Calcitonin gene-related peptide (CGRP) receptor antagonist treatment of migraine
Gras
, p. 869 - 879 (2020/01/21)
Migraine is ranked as the sixth cause of years lost due to disability, with around 1.04 billion migraine sufferers globally. Triptans are considered the standard for acute migraine treatment, but an important number of migraineurs do not respond to them and these drugs are contraindicated in patients with cardiovascular disease. Migraine therapy is currently undergoing tremendous development, i.e., 5-HT1F receptor agonists (ditans), anti-calcitonin gene-related peptide (CGRP) monoclonal antibodies, and small-molecule CGRP receptor antagonists (gepants).

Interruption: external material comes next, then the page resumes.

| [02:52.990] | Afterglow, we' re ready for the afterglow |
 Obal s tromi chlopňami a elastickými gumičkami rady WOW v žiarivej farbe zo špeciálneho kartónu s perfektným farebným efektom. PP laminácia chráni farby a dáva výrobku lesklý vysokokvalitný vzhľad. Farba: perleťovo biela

Ubrogepant (MK-1620) is a small-molecule, potent and selective CGRP receptor antagonist. In two phase III clinical trials (ACHIEVE I and II), ubrogepant showed, at 2 hours, significant percentages of pain freedom, and absence of the most bothersome symptoms in migraine patients. In a phase III study to assess the long-term (52-week) safety and tolerability, ubrogepant displayed good tolerability, and no signs of hepatic toxicity. In March 2019, the U.S. Food and Drug Administration accepted the new drug application (NDA) for ubrogepant for the acute treatment of migraine.